An Optimal Transport Approach for Network Regression

TL;DR

This paper introduces a novel network regression method leveraging Wasserstein metrics and Fréchet means to better model how network topology varies with covariates, showing improved accuracy in synthetic and real data.

Contribution

It proposes a new Wasserstein-based network regression approach using Fréchet means for graph representation, with efficient computation and demonstrated superior performance.

Findings

Improves prediction accuracy over existing methods.

Effectively accounts for graph size, topology, and sparsity.

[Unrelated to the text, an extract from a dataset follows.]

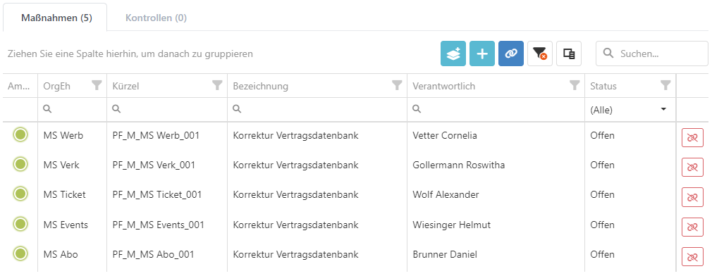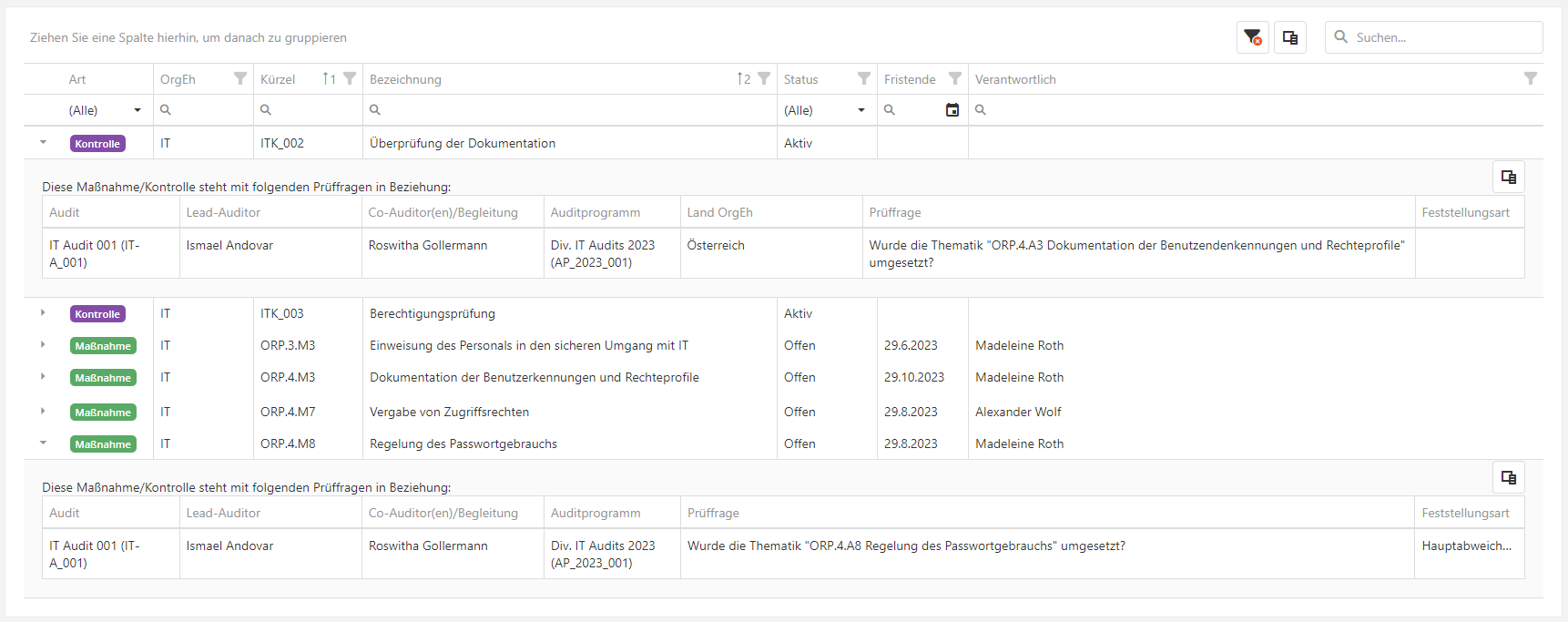 Hier findet sich nun die Maßnahmenübersicht, die zuvor als Teil der Auditdurchführung angeboten wurde. Auf dieser neuen Seite erhält man nun eine erweiterte, kombinierte Übersicht aller Maßnahmen und Kontrollen, die im Zuge von Überprüfungen erstellt oder verknüpft wurden.

Achieves higher R² and lower MSPE in experiments.

Abstract

We study the problem of network regression, where one is interested in how the topology of a network changes as a function of Euclidean covariates. We build upon recent developments in generalized regression models on metric spaces based on Fr\'echet means and propose a network regression method using the Wasserstein metric. We show that when representing graphs as multivariate Gaussian distributions, the network regression problem requires the computation of a Riemannian center of mass (i.e., Fr\'echet means). Fr\'echet means with non-negative weights translates into a barycenter problem and can be efficiently computed using fixed point iterations. Although the convergence guarantees of fixed-point iterations for the computation of Wasserstein affine averages remain an open problem, we provide evidence of convergence in a large number of synthetic and real-data scenarios. Extensive numerical results show that the proposed approach improves existing procedures by accurately accounting for graph size, topology, and sparsity in synthetic experiments. Additionally, real-world experiments using the proposed approach result in higher Coefficient of Determination ($R^{2}$) values and lower mean squared prediction error (MSPE), cementing improved prediction capabilities in practice.